WORK INSTRUCTION —
Transcribe, word for word, only the lines from the one containing "T-shirt męski BOSS;Model" through the end of the material below. Pictures stay out.

EXTRACTED ENTRIES START

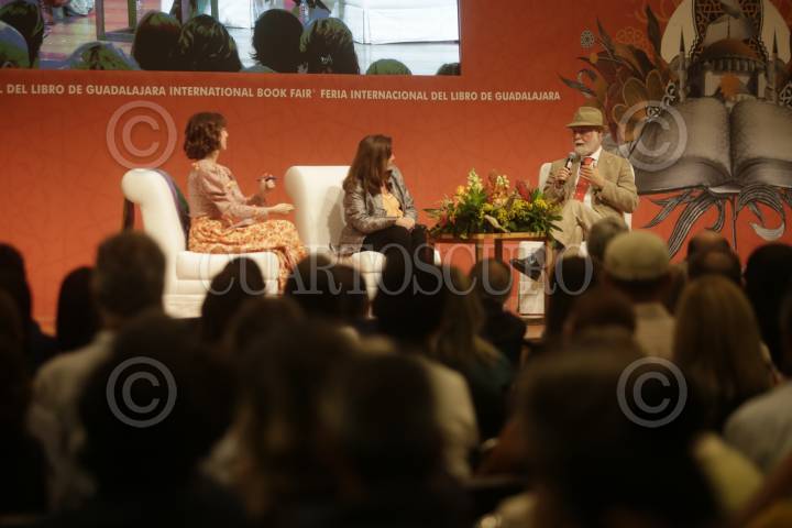 Silvia Fuentes viuda del escritor Carlos Fuentes, durante la entrega de la medalla Carlos Fuente a Alberto Manguel, esto en la edición 36 de la Feria Internacional del Libro de Guadalajara (FIL), en donde el país invitado de honor es Sharjah.
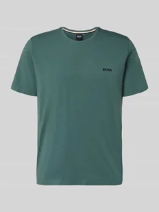 T-shirt męski BOSS;Model ‘Mix&Match T-Shirt R’;Efekt: jednolity kolor;Krój: Krój regular fit ;Aplikacja: Wyhaftowane logo, paski w kontrastowym kolorze przy kołnierzu;Dekolt: Okrągły dekolt;Rękaw:
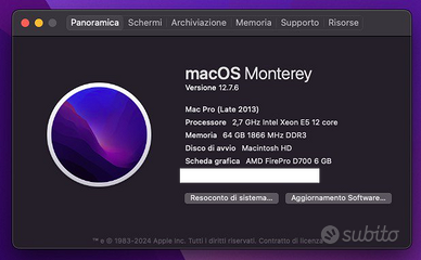 Vendo Mac Pro (Late 2013) in condizioni eccellenti, macchina affidabile e ancora molto performante per workflow professionali: montaggio video, audio, color correction, grafica, rendering e attività di produzione ad alta intensità.
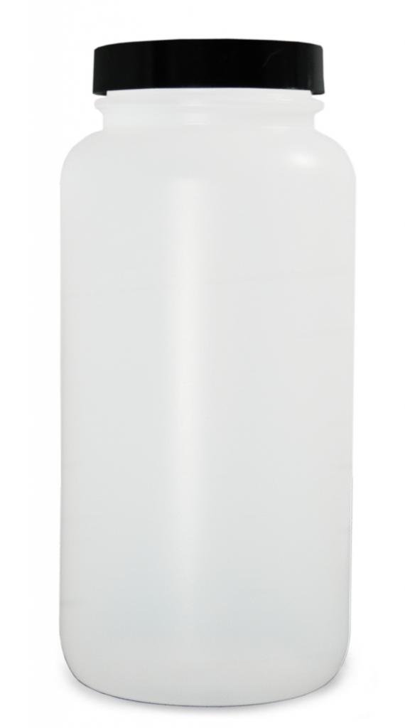 - 16oz (500ml) Natural HDPE Wide Mouth Round with 53-400 Black Phenolic Solid PE Lined Cap attached, Vacuum & Ionized
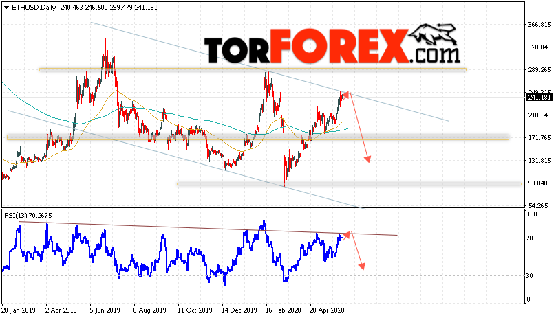 Дополнительным сигналом в пользу снижения котировок ETH/USD на текущей торговой недели 8 — 12 июня 2020 выступит тест линии сопротивления на индикаторе относительной силы. Вторым сигналом станет отскок от верхней границы нисходящего канала. Отменой варианта падения стоимости криптовалюты на текущей торговой неделе станет сильный рост и пробой уровня 265.05. Это укажет на пробой области сопротивления и продолжение роста котировок ETH/USD с потенциальной целью выше уровня 350.00. Подтверждением падения криптовалюты Ethereum выступит пробой области поддержки и закрытие котировок ниже уровня 165.55.
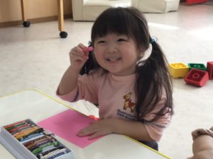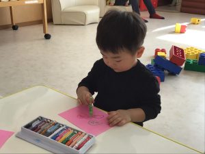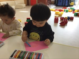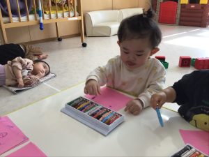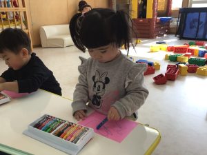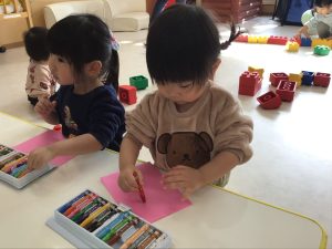 それぞれの好きな色のクレヨンを手に持つと色画用紙にグルグルと、なぐり描きをしていましたよ♩

EXTRACTED ENTRIES END

ANSWER TO THIS EXERCISE —
 T-shirt męski BOSS;Model ‘Mix&Match T-Shirt R’;Efekt: jednolity kolor;Krój: Krój regular fit ;Aplikacja: Wyhaftowane logo, paski w kontrastowym kolorze przy kołnierzu;Dekolt: Okrągły dekolt;Rękaw:
 Vendo Mac Pro (Late 2013) in condizioni eccellenti, macchina affidabile e ancora molto performante per workflow professionali: montaggio video, audio, color correction, grafica, rendering e attività di produzione ad alta intensità.
 - 16oz (500ml) Natural HDPE Wide Mouth Round with 53-400 Black Phenolic Solid PE Lined Cap attached, Vacuum & Ionized
 Дополнительным сигналом в пользу снижения котировок ETH/USD на текущей торговой недели 8 — 12 июня 2020 выступит тест линии сопротивления на индикаторе относительной силы. Вторым сигналом станет отскок от верхней границы нисходящего канала. Отменой варианта падения стоимости криптовалюты на текущей торговой неделе станет сильный рост и пробой уровня 265.05. Это укажет на пробой области сопротивления и продолжение роста котировок ETH/USD с потенциальной целью выше уровня 350.00. Подтверждением падения криптовалюты Ethereum выступит пробой области поддержки и закрытие котировок ниже уровня 165.55.
 それぞれの好きな色のクレヨンを手に持つと色画用紙にグルグルと、なぐり描きをしていましたよ♩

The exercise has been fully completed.